Thanks for the comments Dan,

The cgroups work is currently targeting allocator attribution so it
wouldn’t give insight to shared / imported memory - this is included
as part of the totals in the tracepoint. We will start a separate
discussion with the gpu community on including imported memory into
cgroups design. Who would you recommend to be included? (in case we
don't already know all the interested parties).

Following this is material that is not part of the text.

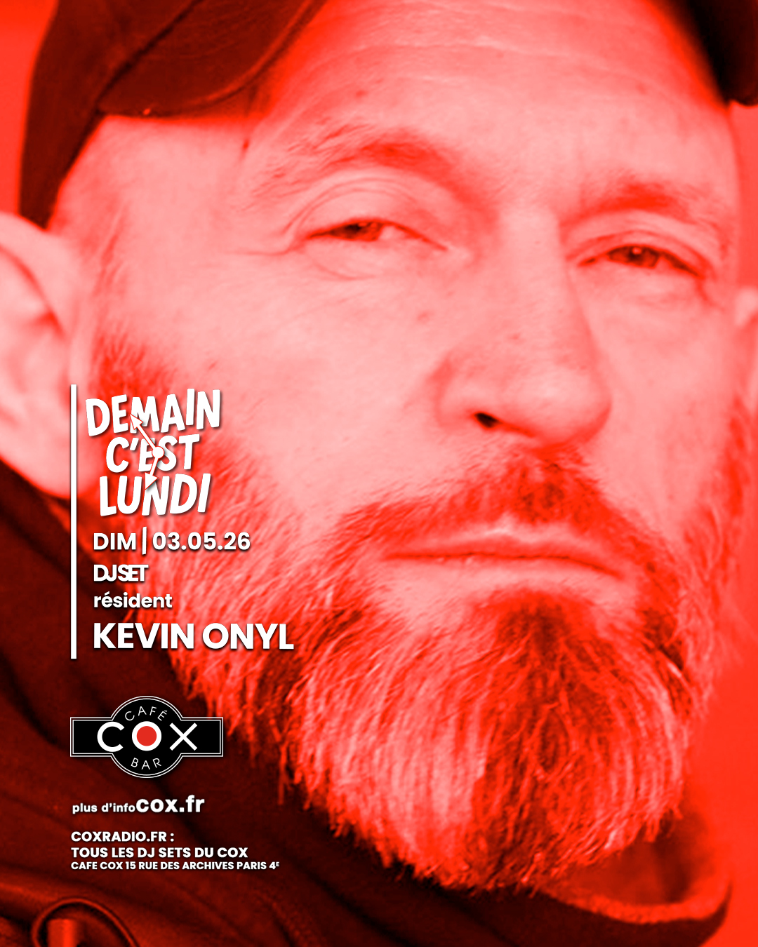 Tes clés tu oublieras, Ton café débordera ! ton réveil sonnera ! Ton mal au crâne reviendra …. tu ne pourras pas y échapper, « demain c’est lundi ! » alors autant nous retrouver au COX pour partager les derniers instants du weekend en bonne compagnie. l’Happy Hour sera NON-STOP jusqu’à deux heures. C’est KEVIN ONYL qui sera chargé de te faire oublier que « Demain c’est lundi » chaque dimanche au cox.
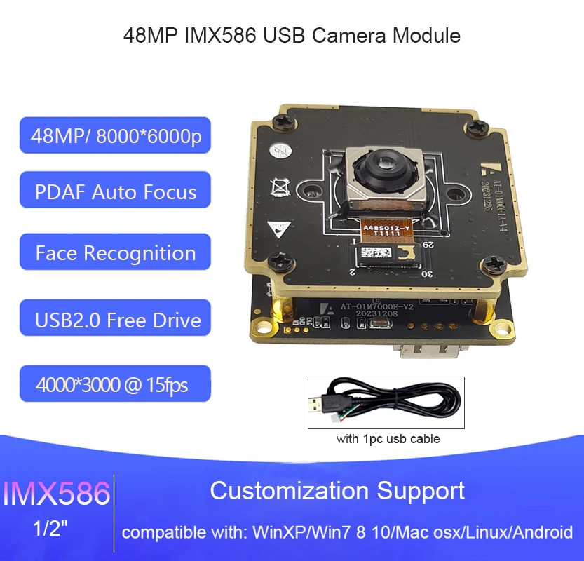 48MP IMX586 cmos USB2.0 Camera Module PDAF Auto Focus AF 30fps 8000*6000 Rolling Shutter Lightburn Webcam UVC Free Drive OTG Cam

The current tracepoint and the cgroups are not conflicting designs but
rather complimentary. These are some of the gaps which the tracepoint
helps to cover:
1. Imported gpu memory accounting
2. The tracepoint can be used to track gpu memory usage over time
(useful to detect memory usage spikes, for example), while cgroups can
be used to view usage as a more granular and static state.
3. For systems where cgroups aren't enabled the tracepoint data can be
a good alternative to identify memory issues.
4. Non-drm devices can make use of the tracepoint for reporting.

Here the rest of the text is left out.